INPUT MATERIAL -
=-=-=-=-=

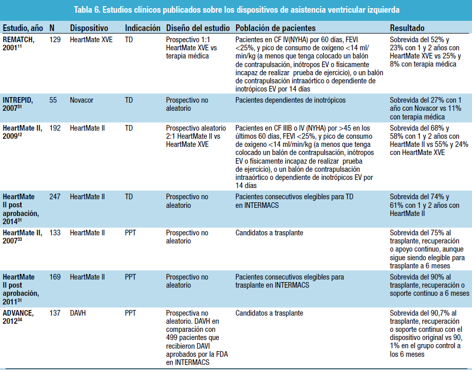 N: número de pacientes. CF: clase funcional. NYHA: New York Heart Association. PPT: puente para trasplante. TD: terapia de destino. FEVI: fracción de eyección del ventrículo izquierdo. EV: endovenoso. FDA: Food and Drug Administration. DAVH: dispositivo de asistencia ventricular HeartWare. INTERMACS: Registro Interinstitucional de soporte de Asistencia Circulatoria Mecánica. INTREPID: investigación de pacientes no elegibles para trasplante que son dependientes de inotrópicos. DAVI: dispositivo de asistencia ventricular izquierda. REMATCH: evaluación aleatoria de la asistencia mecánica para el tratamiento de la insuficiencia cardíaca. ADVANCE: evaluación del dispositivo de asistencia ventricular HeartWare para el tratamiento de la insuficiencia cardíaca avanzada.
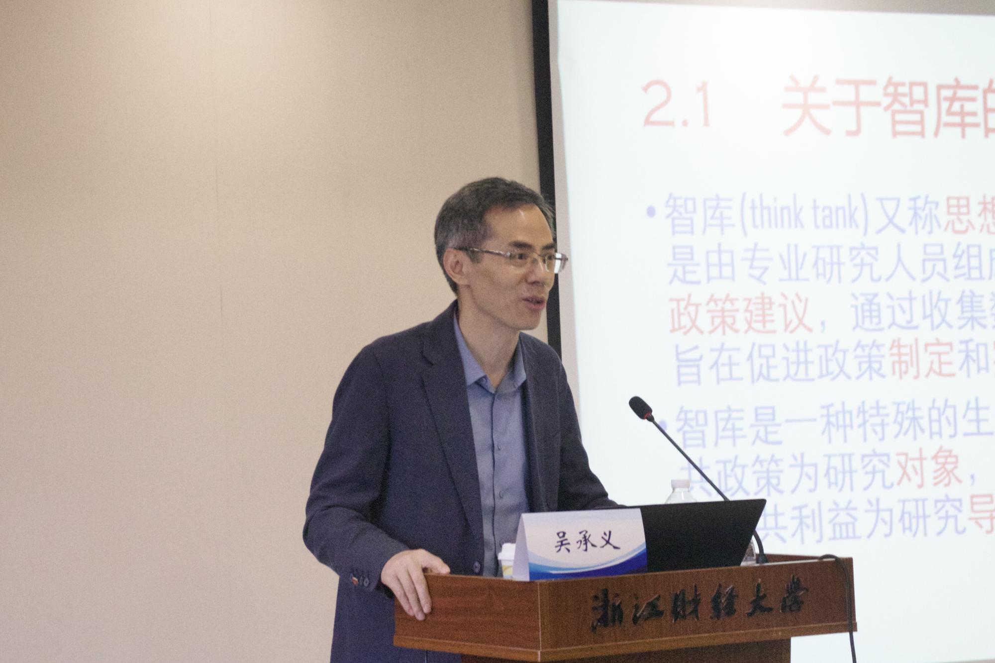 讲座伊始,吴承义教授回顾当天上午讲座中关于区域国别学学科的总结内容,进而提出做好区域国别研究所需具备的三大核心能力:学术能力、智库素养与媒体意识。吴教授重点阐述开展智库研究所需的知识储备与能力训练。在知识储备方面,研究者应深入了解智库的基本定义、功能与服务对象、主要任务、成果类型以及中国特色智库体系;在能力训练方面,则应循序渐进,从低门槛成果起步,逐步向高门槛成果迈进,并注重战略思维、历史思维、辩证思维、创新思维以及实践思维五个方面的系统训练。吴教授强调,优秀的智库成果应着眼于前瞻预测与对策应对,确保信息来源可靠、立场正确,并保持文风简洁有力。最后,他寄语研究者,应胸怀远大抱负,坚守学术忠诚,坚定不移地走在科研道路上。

=-=-=-=-=

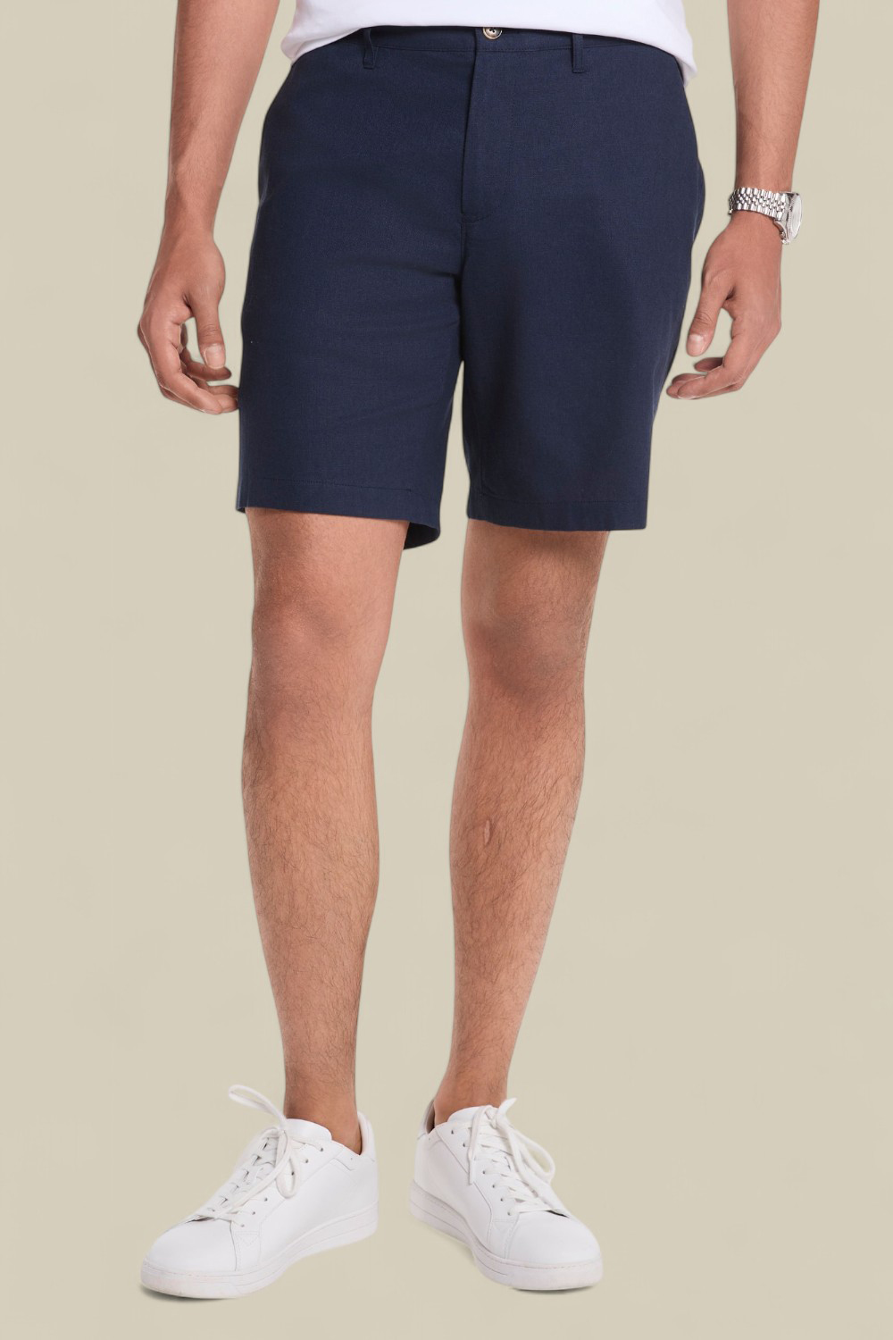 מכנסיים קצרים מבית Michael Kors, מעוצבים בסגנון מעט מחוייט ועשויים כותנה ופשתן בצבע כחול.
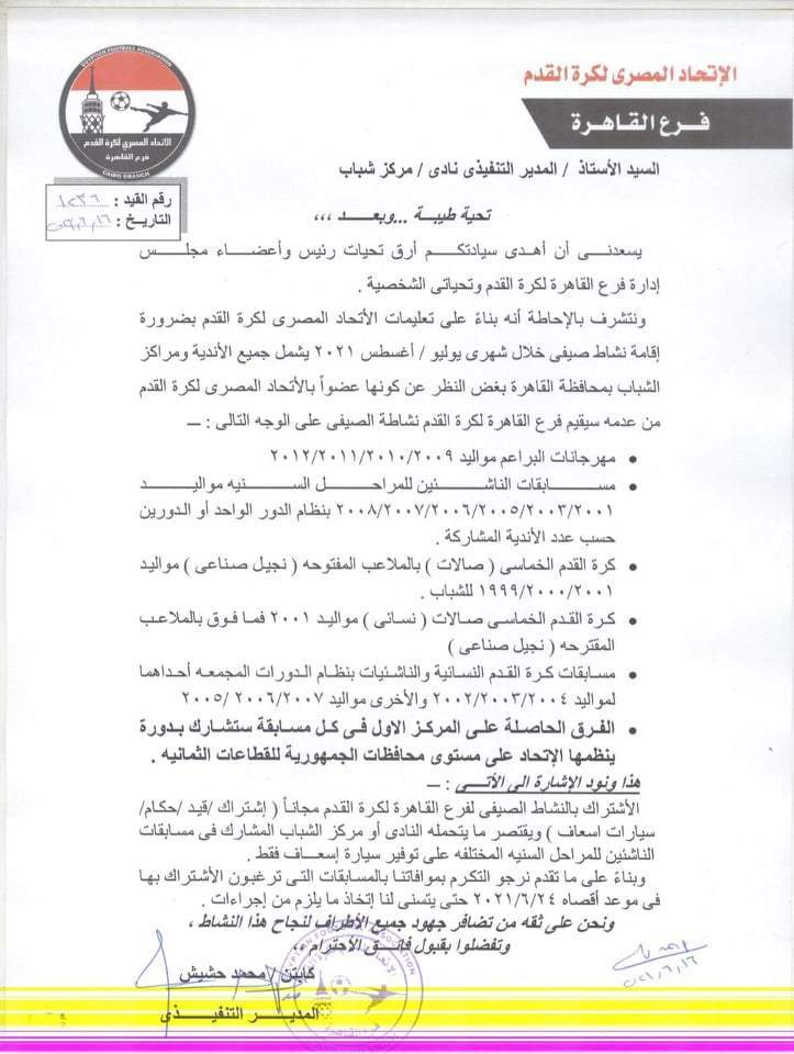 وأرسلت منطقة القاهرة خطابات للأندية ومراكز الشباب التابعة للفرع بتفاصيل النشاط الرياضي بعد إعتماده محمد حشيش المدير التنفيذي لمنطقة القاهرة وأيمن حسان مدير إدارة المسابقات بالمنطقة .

=-=-=-=-=

THE PROBLEM -
In the records above, copy exactly everything from the line that has "N: número de" down to the line that has "讲座伊始,吴承义教授回顾当天", both ends included, and leave out the pictures.

WORKED SOLUTION -
 N: número de pacientes. CF: clase funcional. NYHA: New York Heart Association. PPT: puente para trasplante. TD: terapia de destino. FEVI: fracción de eyección del ventrículo izquierdo. EV: endovenoso. FDA: Food and Drug Administration. DAVH: dispositivo de asistencia ventricular HeartWare. INTERMACS: Registro Interinstitucional de soporte de Asistencia Circulatoria Mecánica. INTREPID: investigación de pacientes no elegibles para trasplante que son dependientes de inotrópicos. DAVI: dispositivo de asistencia ventricular izquierda. REMATCH: evaluación aleatoria de la asistencia mecánica para el tratamiento de la insuficiencia cardíaca. ADVANCE: evaluación del dispositivo de asistencia ventricular HeartWare para el tratamiento de la insuficiencia cardíaca avanzada.
 讲座伊始,吴承义教授回顾当天上午讲座中关于区域国别学学科的总结内容,进而提出做好区域国别研究所需具备的三大核心能力:学术能力、智库素养与媒体意识。吴教授重点阐述开展智库研究所需的知识储备与能力训练。在知识储备方面,研究者应深入了解智库的基本定义、功能与服务对象、主要任务、成果类型以及中国特色智库体系;在能力训练方面,则应循序渐进,从低门槛成果起步,逐步向高门槛成果迈进,并注重战略思维、历史思维、辩证思维、创新思维以及实践思维五个方面的系统训练。吴教授强调,优秀的智库成果应着眼于前瞻预测与对策应对,确保信息来源可靠、立场正确,并保持文风简洁有力。最后,他寄语研究者,应胸怀远大抱负,坚守学术忠诚,坚定不移地走在科研道路上。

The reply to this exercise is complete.